Each of us is like Sarah. The fullness of our lives can't be measured. The richness of our expriences, our relationships and adventures -- these are always in-progress, on a continuum. Any moment when we think we can stop and seize time in our hands, we've already lost what we were trying to hold on to. We are always growing and changing. We can't know the whole of our lives until the story ends.
Only when my life has reached its close -- whenever that may be -- will the text of my life be able to say, "The life of Rachel was so-many-years," and in that simple statement encompass everything I was and everything I became.
In my "Torah as a mirror for spiritual development" class this week, we were invited to consider the question of our own "machpelah moment." (Machpelah is the name of the cave in which Sarah was buried.) When I imagine my own gravestone, what words do I hope might be inscribed there, describing who I was and how I served God in this life?
The answer I came up with was "Through words and deeds, she opened the door for others to find God." I hope that my words (even the apparently ephemeral ones, grocery store conversations and miscellaneous tweets, alongside the poems I hope will have greater staying power) -- and my actions, in all their varied forms -- will reflect my yearning to connect other people with something greater than themselves.

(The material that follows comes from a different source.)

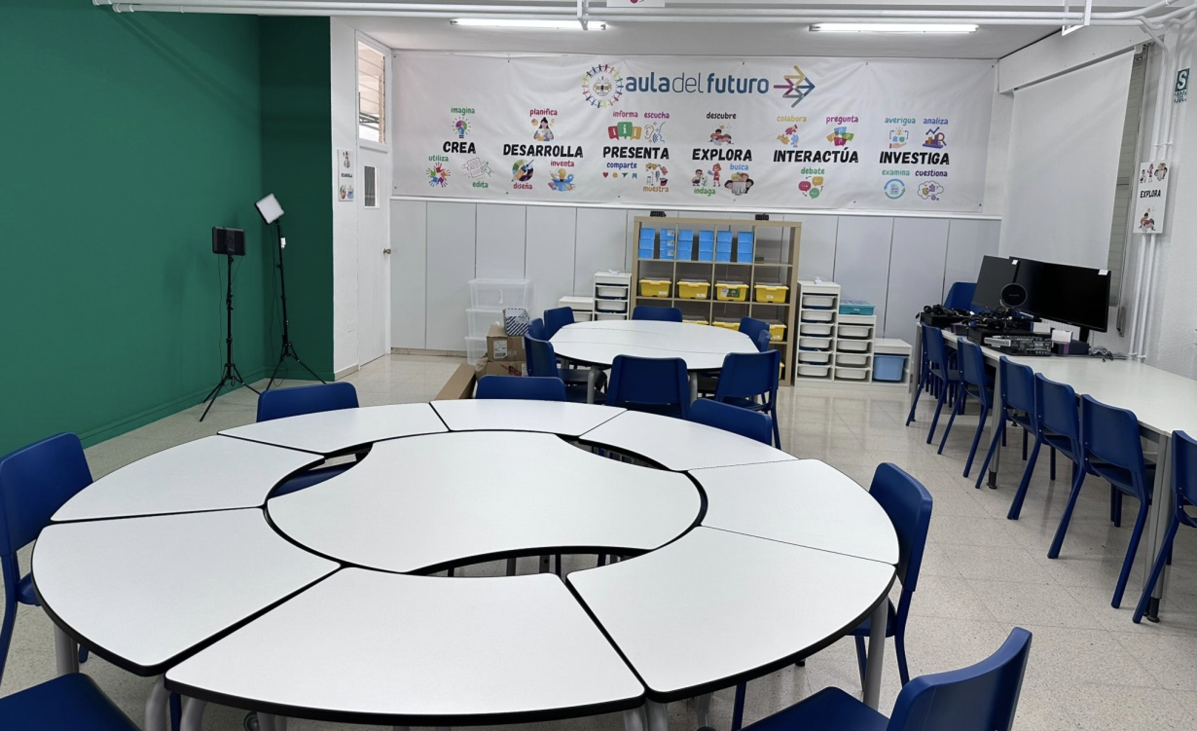 La gran apuesta fue transformar la biblioteca, el aula más amplia y visible del centro, en el Aula del Futuro. El préstamo bibliotecario se trasladó al Aula EDIT. El nuevo espacio fomenta la lectura activa (cuentacuentos, teatro, talleres creativos). El ayuntamiento colaboró con electricidad, iluminación y tomas, mientras el AMPA apoyó la iniciativa y se reutilizó mobiliario.

I said above that the title of this Torah portion, "Chayyei Sarah," means "the life of Sarah." And it's usually translated that way. But the Hebrew more accurately means "the lives of Sarah." Each of us lives many lives. There's never one singular narrative of who we are. There's the story of my professional life and the story of my personal life, the story of my life in my childhood and the story of my life in my thirties, and the story of my life in my sixties which I haven't yet led, the story of my life as I would tell it and the story of my life as others would tell it.
The text of my life is written in black fire (the written details) and also white fire (the spaces between the words; what's unrecorded, ephemeral, unknown.) Written, but not complete. Always-being-written. I'm writing it now. You're writing yours. What do you think the book of your life will say about who you hoped to become?